### EXERCISE BRIEF
What you return must match the listing below line for line, minus its pictures.

### INPUT DATA
=== Begin Enclosure ===
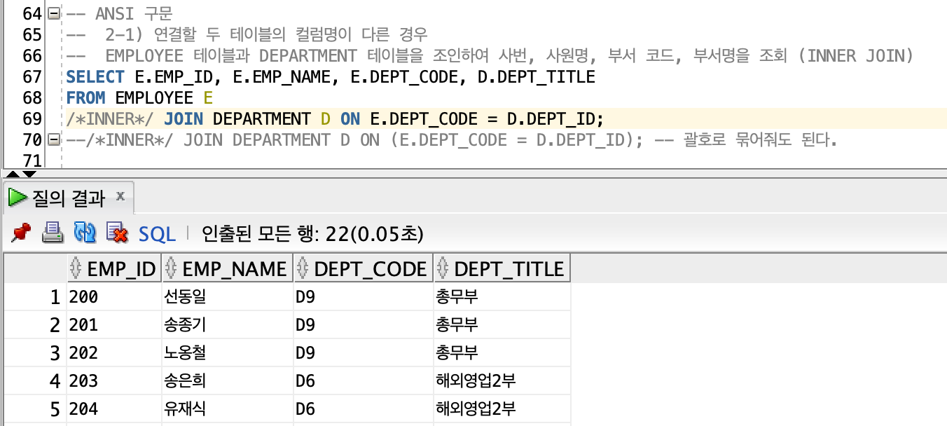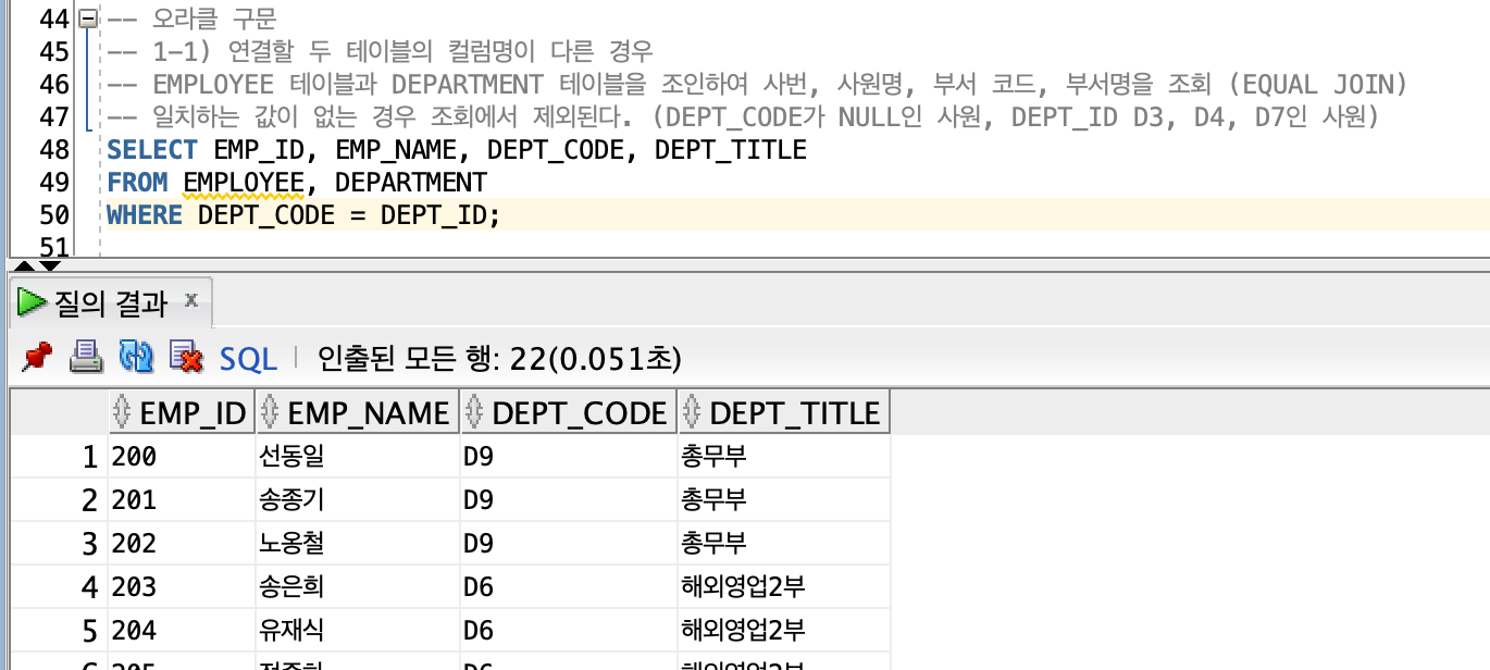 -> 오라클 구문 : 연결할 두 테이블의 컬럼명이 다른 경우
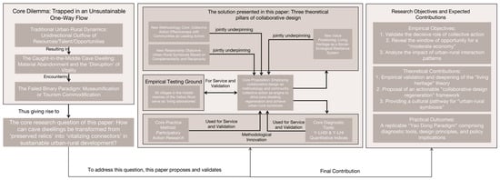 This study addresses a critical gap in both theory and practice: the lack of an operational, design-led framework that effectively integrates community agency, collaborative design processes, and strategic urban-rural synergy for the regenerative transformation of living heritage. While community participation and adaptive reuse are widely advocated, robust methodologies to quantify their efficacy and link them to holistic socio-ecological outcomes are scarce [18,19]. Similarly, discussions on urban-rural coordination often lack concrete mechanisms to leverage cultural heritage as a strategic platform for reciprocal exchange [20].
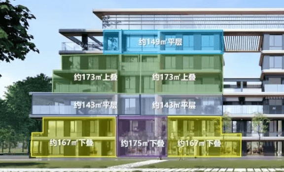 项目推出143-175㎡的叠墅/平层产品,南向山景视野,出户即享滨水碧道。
=== End Enclosure ===
### OUTPUT BELOW
 -> 오라클 구문 : 연결할 두 테이블의 컬럼명이 다른 경우
 This study addresses a critical gap in both theory and practice: the lack of an operational, design-led framework that effectively integrates community agency, collaborative design processes, and strategic urban-rural synergy for the regenerative transformation of living heritage. While community participation and adaptive reuse are widely advocated, robust methodologies to quantify their efficacy and link them to holistic socio-ecological outcomes are scarce [18,19]. Similarly, discussions on urban-rural coordination often lack concrete mechanisms to leverage cultural heritage as a strategic platform for reciprocal exchange [20].
 项目推出143-175㎡的叠墅/平层产品,南向山景视野,出户即享滨水碧道。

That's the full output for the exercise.